▶ Extracted data:
============

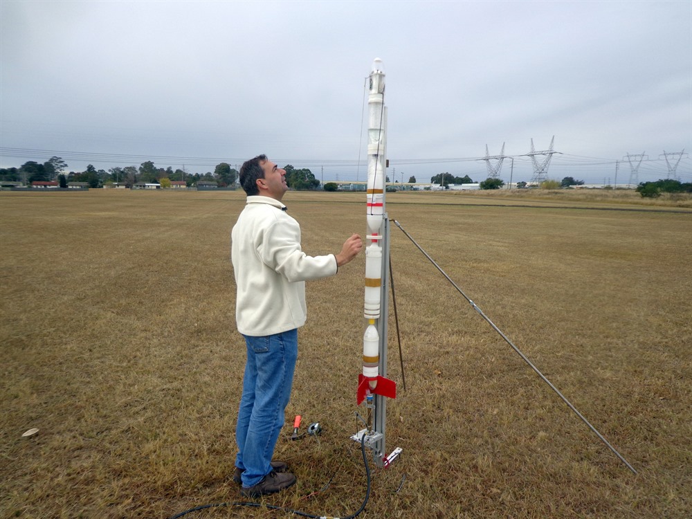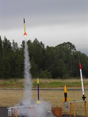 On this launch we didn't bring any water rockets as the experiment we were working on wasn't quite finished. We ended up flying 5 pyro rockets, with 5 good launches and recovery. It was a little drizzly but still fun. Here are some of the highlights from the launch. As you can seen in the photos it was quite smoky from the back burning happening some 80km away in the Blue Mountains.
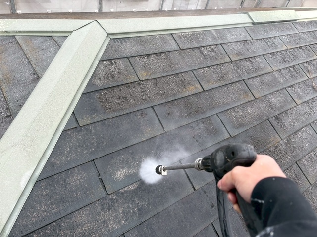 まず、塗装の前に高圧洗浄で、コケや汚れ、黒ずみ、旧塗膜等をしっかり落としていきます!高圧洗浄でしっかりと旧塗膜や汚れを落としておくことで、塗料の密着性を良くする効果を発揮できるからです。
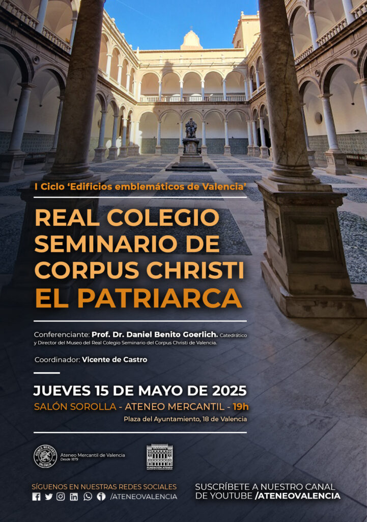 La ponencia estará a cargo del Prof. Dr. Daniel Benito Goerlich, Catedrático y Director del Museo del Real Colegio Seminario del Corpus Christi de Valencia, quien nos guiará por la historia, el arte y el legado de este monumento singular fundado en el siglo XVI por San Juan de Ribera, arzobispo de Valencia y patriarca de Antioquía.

============

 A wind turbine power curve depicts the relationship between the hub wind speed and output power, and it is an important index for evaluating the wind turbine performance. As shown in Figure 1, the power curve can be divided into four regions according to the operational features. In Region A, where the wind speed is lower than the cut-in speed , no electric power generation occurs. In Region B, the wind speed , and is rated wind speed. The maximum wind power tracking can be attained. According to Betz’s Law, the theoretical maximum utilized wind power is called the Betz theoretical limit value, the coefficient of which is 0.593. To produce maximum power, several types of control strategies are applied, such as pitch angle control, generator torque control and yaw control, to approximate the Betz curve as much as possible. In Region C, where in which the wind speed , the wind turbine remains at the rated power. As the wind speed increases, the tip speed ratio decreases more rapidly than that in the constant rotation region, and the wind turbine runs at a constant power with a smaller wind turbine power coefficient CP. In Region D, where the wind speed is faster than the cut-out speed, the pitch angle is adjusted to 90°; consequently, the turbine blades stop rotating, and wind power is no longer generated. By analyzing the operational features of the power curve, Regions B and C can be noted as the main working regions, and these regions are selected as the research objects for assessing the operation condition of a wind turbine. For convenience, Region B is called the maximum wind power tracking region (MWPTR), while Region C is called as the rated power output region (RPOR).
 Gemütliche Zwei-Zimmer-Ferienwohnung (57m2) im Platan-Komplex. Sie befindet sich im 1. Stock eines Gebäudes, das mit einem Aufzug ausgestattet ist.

============

▶ What to work on: From the records above, copy only the lines running from the line holding "まず、塗装の前に高圧洗浄で、" through the line holding "La ponencia estará", with no pictures.

▶ Exercise output:
 まず、塗装の前に高圧洗浄で、コケや汚れ、黒ずみ、旧塗膜等をしっかり落としていきます!高圧洗浄でしっかりと旧塗膜や汚れを落としておくことで、塗料の密着性を良くする効果を発揮できるからです。
 La ponencia estará a cargo del Prof. Dr. Daniel Benito Goerlich, Catedrático y Director del Museo del Real Colegio Seminario del Corpus Christi de Valencia, quien nos guiará por la historia, el arte y el legado de este monumento singular fundado en el siglo XVI por San Juan de Ribera, arzobispo de Valencia y patriarca de Antioquía.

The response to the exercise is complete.